We now can meet women and other people who menstruate where they are, says Claudia Pastides, Medical Advisor at women’s health app Flo. According to the firm, “at Flo, we’re committed to empowering women and others who are menstruation with expert-backed knowledge so that our customers may better understand their bodies from the beginning of their first period up until menopause.”In the end, knowledge is a potent instrument in the healthcare sector. “Education is crucial in aiding women to acquire the therapy they need but so frequently do not have access to, nor a skilled physician who would listen,” claims Shelley Bailey, CEO of Famlee, the first all-in-one telemedicine fertility company.


Closing the women’s health knowledge gap

But there is a wider knowledge gap concerning women’s health concerns in the medical profession as a whole, not just among female patients themselves. All women have historically been excluded from the advancement of healthcare, particularly those who belong to marginalized identity groups. Males and women have different body types, hormonal environments, and body compositions, therefore many therapies that were safe and effective for men often had negative consequences on women. Women have frequently been offered medications that were authorized after being studied by men.

In general, women are more likely to wait longer for a diagnosis and medical, to be ignored, and to be told that their problems are “all in their thoughts,” according to the findings of the most current government survey on women’s health. In addition, women generally experience longer wait times in emergency rooms than men do, and when they experience pain, they are less likely to receive the appropriate medication.

This quickly expanding industry, which addresses every area of women’s health and safety, is beginning to offer trustworthy health information and affordable, readily available, and high-quality healthcare services to women in distant and disadvantaged regions. For instance, UNICEF employed the free period-tracking software Okay as part of a trial project to educate adolescent girls about menstruation in Indonesia and Mongolia. In the Dominican Republic, widespread screenings for cervical cancer employ a non-invasive testing tool developed by Israeli health technology startup MobileODT. Patients in Mexico are using remote monitoring to treat diabetes, which affects an estimated 223 million women worldwide. There are health platforms with trustworthy information on menopause, nutrition, and other topics, as well as safety applications that let women contact for help when they’re in danger.

Flo has collaborated with respected researchers to carry out investigations on female health. For instance, the business collaborated with academics from the Australian University of Adelaide to carry out a sizable study on cycle durations and fertile periods in 2019.

Only 16 percent of research participants had cycles that lasted more than 28 days, according to Pastides. “We reviewed cycle data of almost 1.5 million people from throughout the world,” she adds. The study’s findings are crucial because they increase our understanding of the menstrual cycle, which will enable us to better support and care for those who are trying to get pregnant.

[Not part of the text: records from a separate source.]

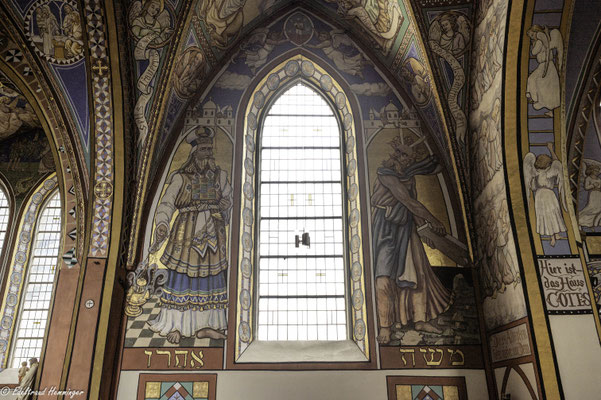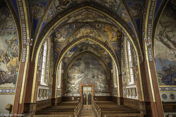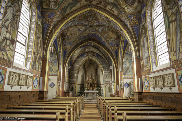 Pastor Christoph März hat von 1906 bis 1921 die Kirche mit Motiven des Alten Testaments und Neuen Testaments sowie aus der Kirchengeschichte, bestehend aus über 1.000 Figuren und 150 Tieren, eigenhändig ausgemalt. Für einige Figuren standen ihm Einwohner Modell. Die Gemälde bedecken jeweils die maximale Grundfläche der betreffenden Bauteile. Auffallend ist die wiederkehrende Verwendung von intensivem Blau und strahlendem Gold als Symbolfarben. Auch die Abbilder sämtlicher Päpste und vieler Kirchenmänner wurden an den Wänden verewigt.
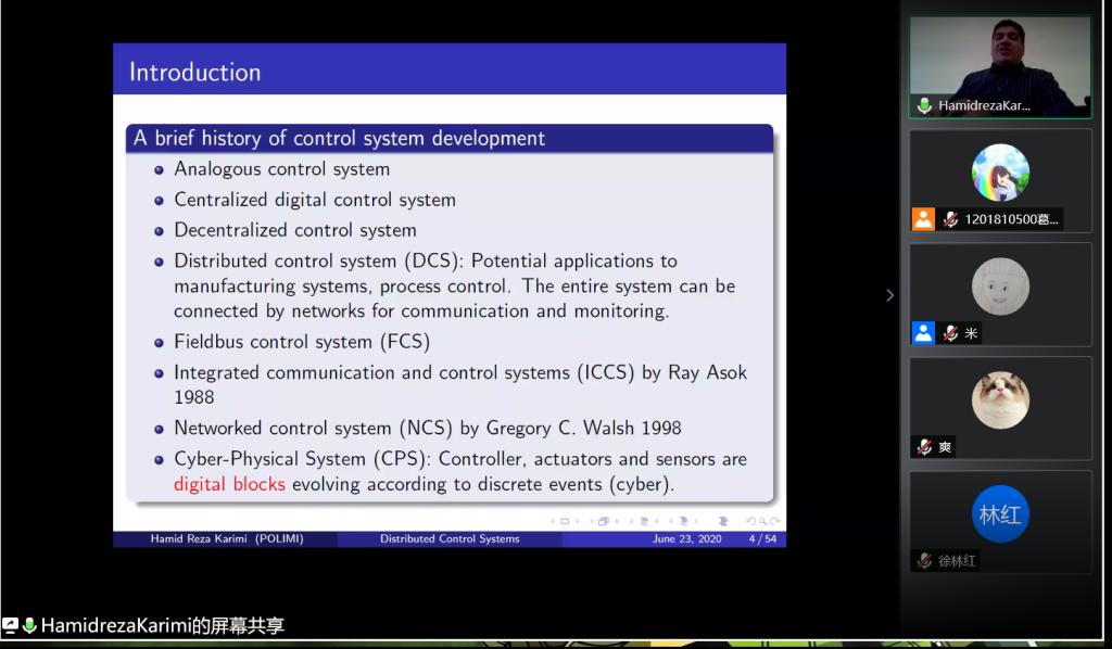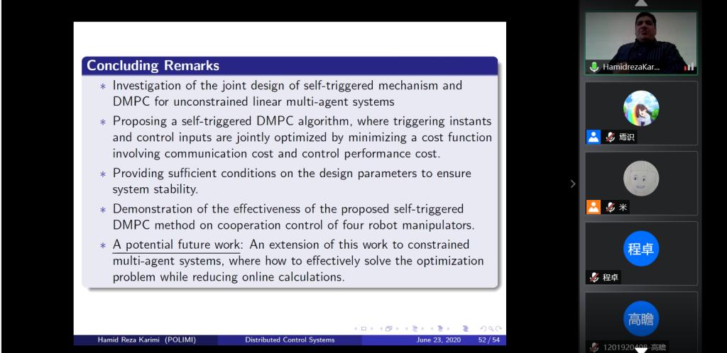 应taptap点点官方网站院长丁华锋教授邀请,意大利米兰理工大学Hamid Reza Karim教授于6月23日通过线上会议来taptap点点官网作题为Distribute Control of Mult iagent System:Theory and Applications的学术报告。报告会由葛明峰老师主持,taptap点点官网罗杰副院长、李敏、雷波、王玉丹等老师以及研究生均出席了报告会。
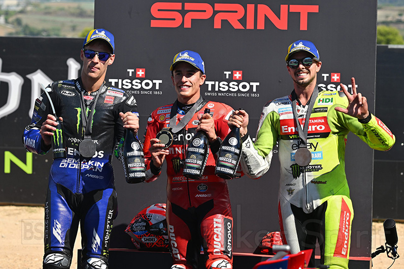 Τον αγώνα Tissot Sprint, στον οποίο συμμετείχαν όλοι οι οδηγοί μέσαιο μείγμα γόμας για τα μπροστινά ελαστικά MICHELIN και μαλακό μείγμα γόμας για τα πίσω ελαστικά, κέρδισε ο Marc Márquez (Ducati Lenovo Team) με χρόνο 19’58.946, μπροστά από τους Fabio Quartararo (Monster Energy Yamaha MotoGP) και Fabio Di Giannantonio (Pertamina Enduro VR46 Racing Team). Ξεκινώντας από την τρίτη θέση, ο οκτώ φορές Παγκόσμιος Πρωταθλητής από την Ισπανία σημείωσε δυνατές επιδόσεις, με συνολικό χρόνο αγώνα περισσότερο κατά ενάμιση δευτερόλεπτο γρηγορότερα από τον αγώνα του 2024.
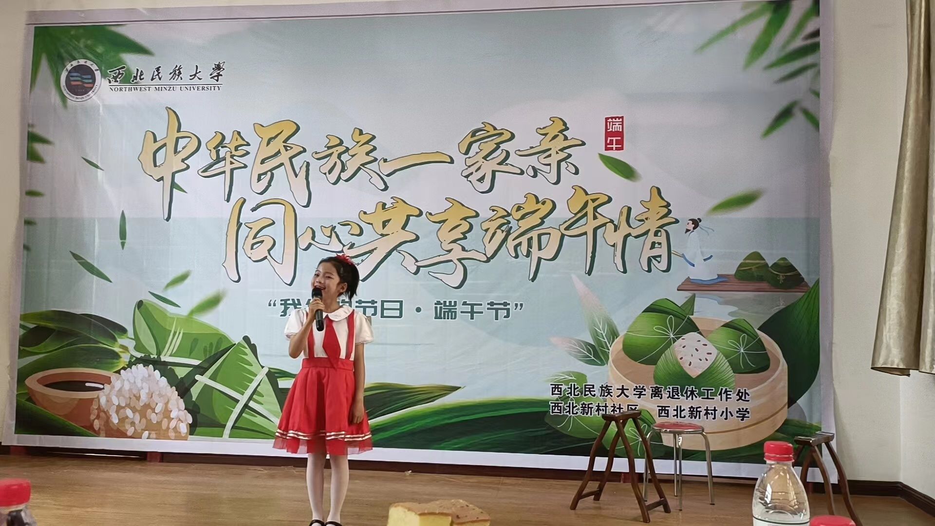 粽叶飘香诵经典 ,浓情端午话传承。活动在西北新村小学学生朗诵《少年中国说》诗篇中拉开了序幕。老教师蔡建中朗诵屈原的爱国主义诗篇《哀郢》,老教师贾继文演奏二胡曲《我的祖国》,老年大学葫芦丝班学员合奏《再唱映山红》;舞蹈红黑游戏
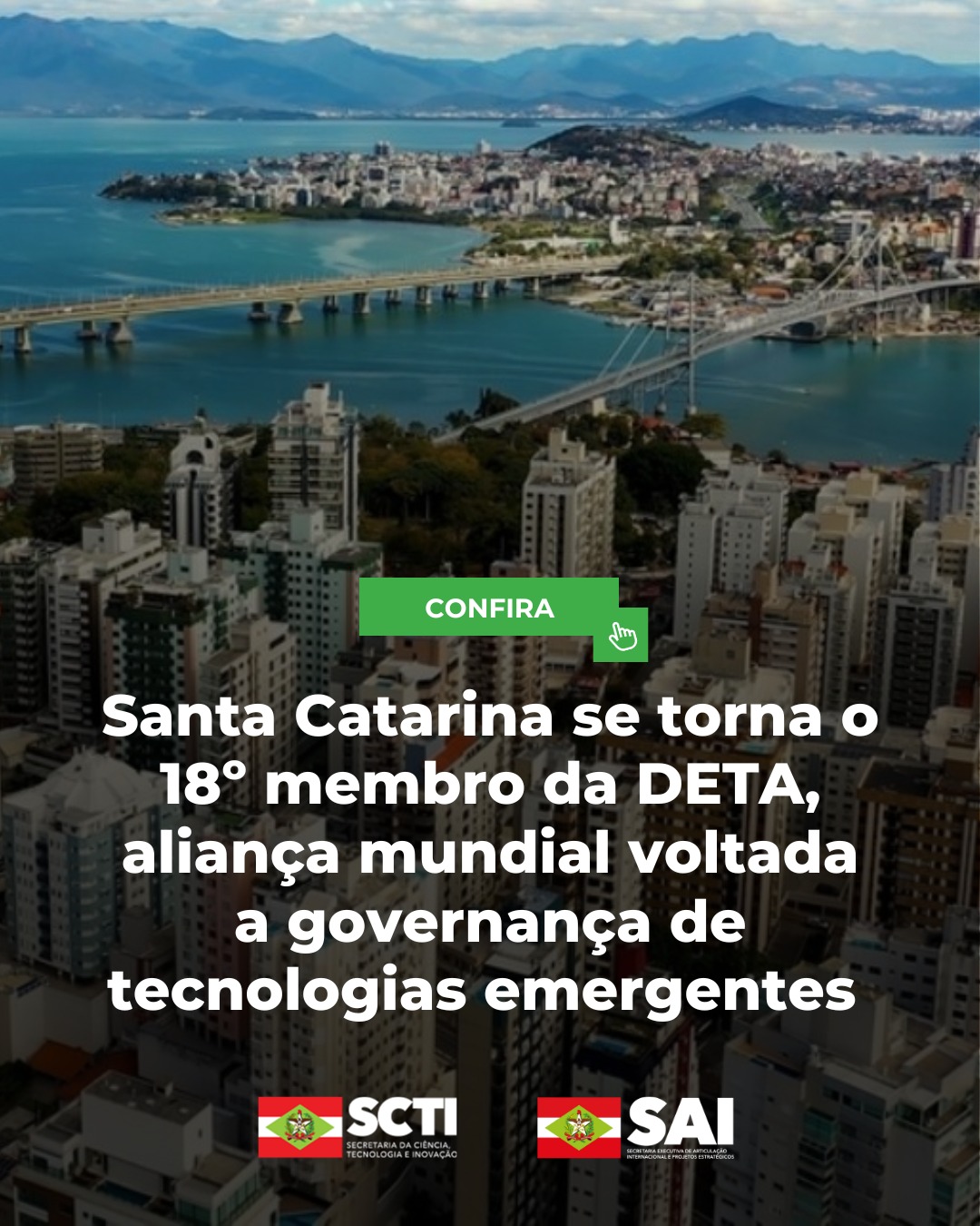 O Estado de Santa Catarina, por meio da Secretaria de Ciência, Tecnologia e Inovação (SCTI) se tornou o 18º membro da Disruptive & Emerging Technology Alliance (DETA), laboratório global de políticas públicas para tecnologias emergentes como inteligência artificial, blockchain e transformação digital. A entrada da SCTI na aliança foi articulada em parceria com a Secretaria Executiva de Articulação Internacional e Projetos Estratégicos de Santa Catarina (SAI) e o Governo da Catalunha, Espanha.

It seems like things are getting better and this is only the beginning. According to Dr. Nakhuda, new medicines will be created in response to this expedited understanding to enhance the general quality of life and health outcomes. This time frame is encouraging, particularly if health tech companies prioritize diversity. For healthtech to continue to develop, it is crucial to ensure that it is accessible to a large population, regardless of gender, color, or any other socioeconomic barrier.